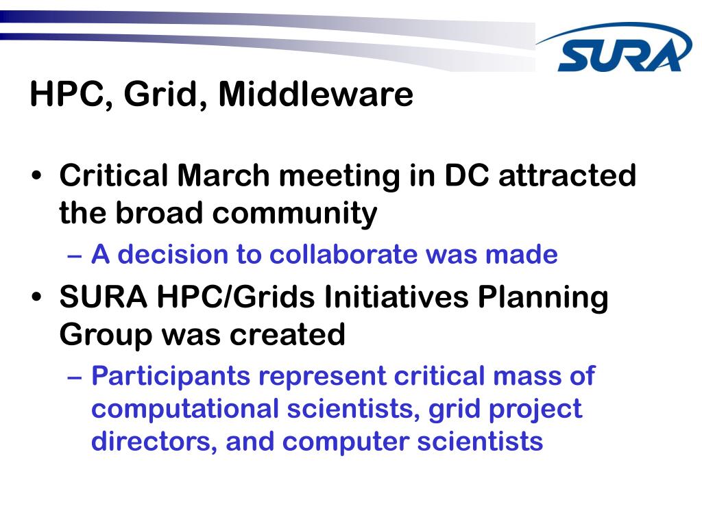 HPC, Grid, Middleware • Critical March meeting in DC attracted the broad community • A decision to collaborate was made • SURA HPC/Grids Initiatives Planning Group was created • Participants represent critical mass of computational scientists, grid project directors, and computer scientists
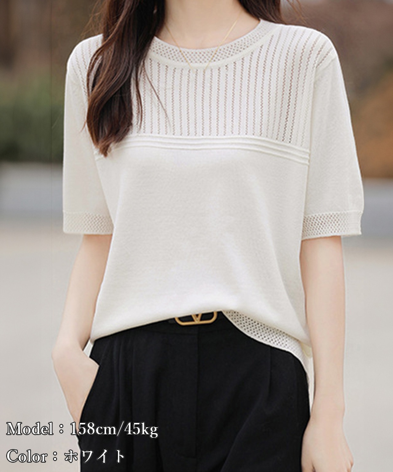 レディース オフィスカジュアル 薄手プルオーバー 五分袖 透かし編み切り替え きれいめ ニットソー 無地 春秋夏トップス
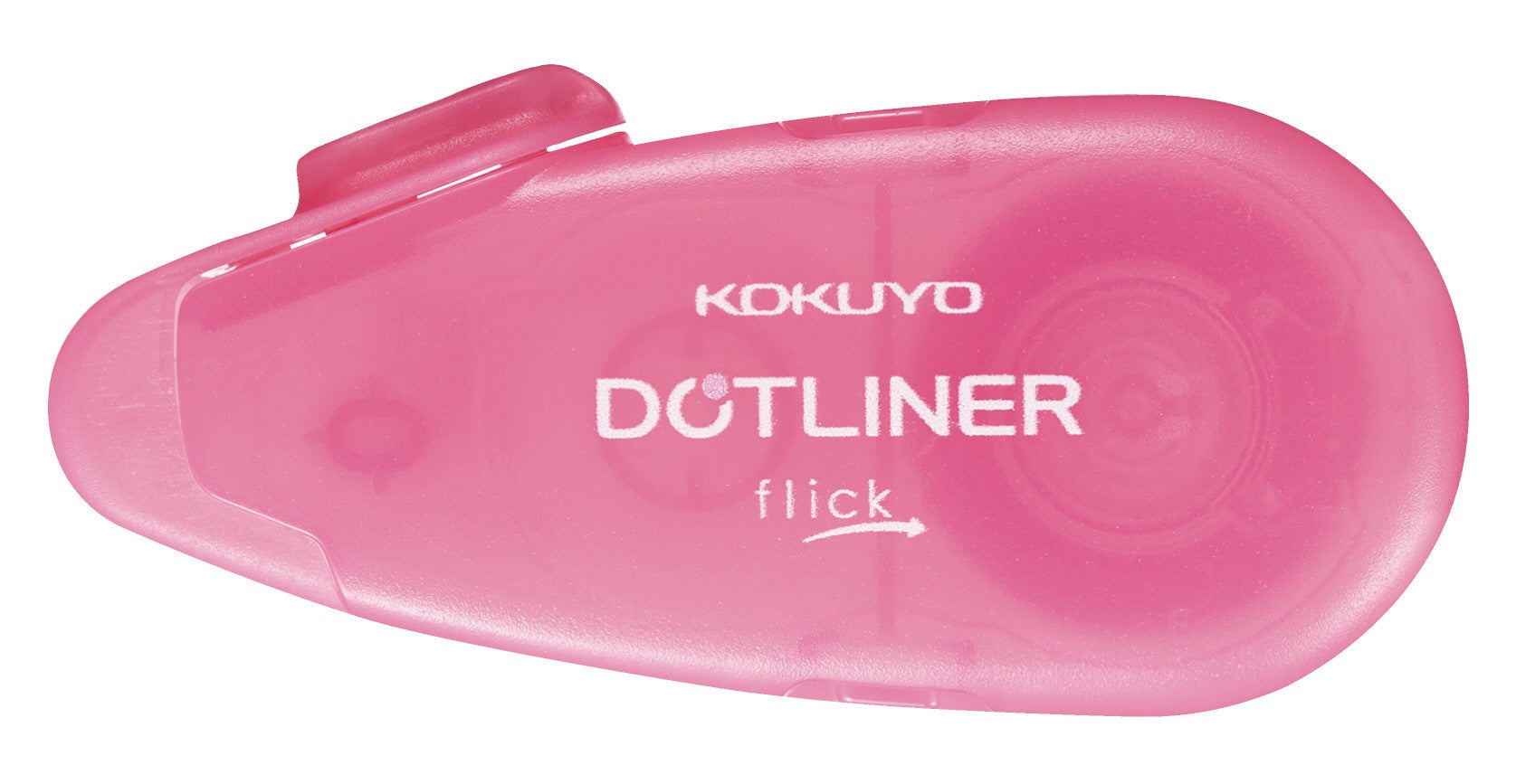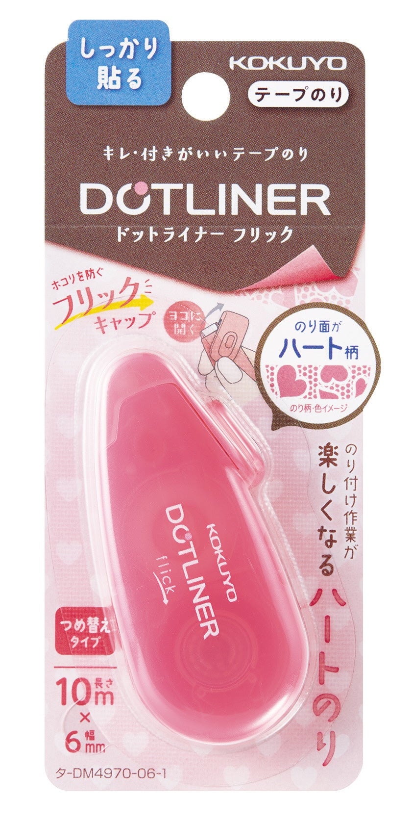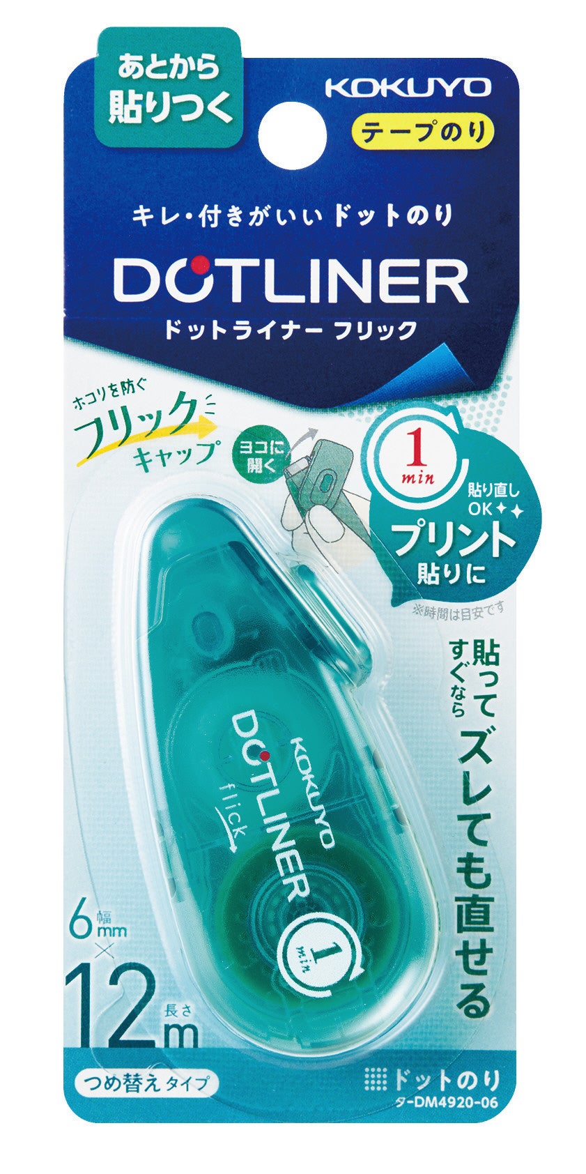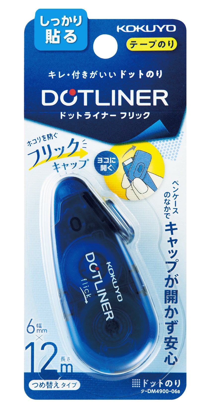 キャップにバネを内蔵した新機構“フリックキャップ”と、つめ替えタイプのテープのりとして、業界最小クラスの本体サイズが特長のドットライナーです。
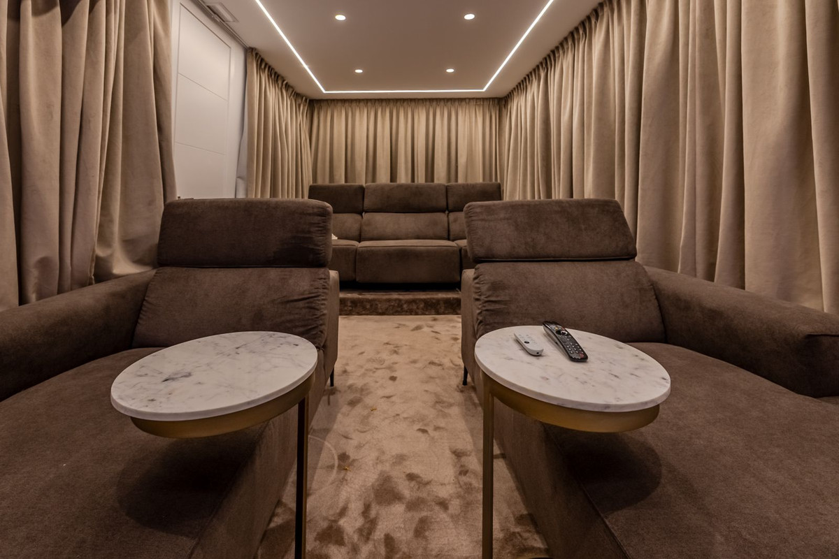 - De kelder herbergt een grote bergruimte, een volledig uitgeruste wasruimte, een garage voor twee auto’s, een badkamer met douche en een comfortabele minicinemazaal.
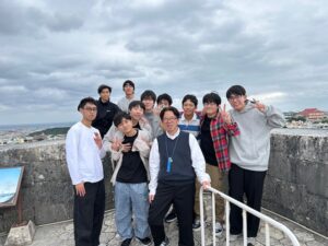その後の首里城見学では、6年前の火災からまもなく復興という本殿の様子も見られクラス写真撮影。

= Task statement =
Locate the line containing "レディース オフィスカジュアル 薄手プルオーバー" in the records above, then output it and every line after it through the last, excluding pictures.

= Your solution =
 レディース オフィスカジュアル 薄手プルオーバー 五分袖 透かし編み切り替え きれいめ ニットソー 無地 春秋夏トップス
 キャップにバネを内蔵した新機構“フリックキャップ”と、つめ替えタイプのテープのりとして、業界最小クラスの本体サイズが特長のドットライナーです。
 - De kelder herbergt een grote bergruimte, een volledig uitgeruste wasruimte, een garage voor twee auto’s, een badkamer met douche en een comfortabele minicinemazaal.
その後の首里城見学では、6年前の火災からまもなく復興という本殿の様子も見られクラス写真撮影。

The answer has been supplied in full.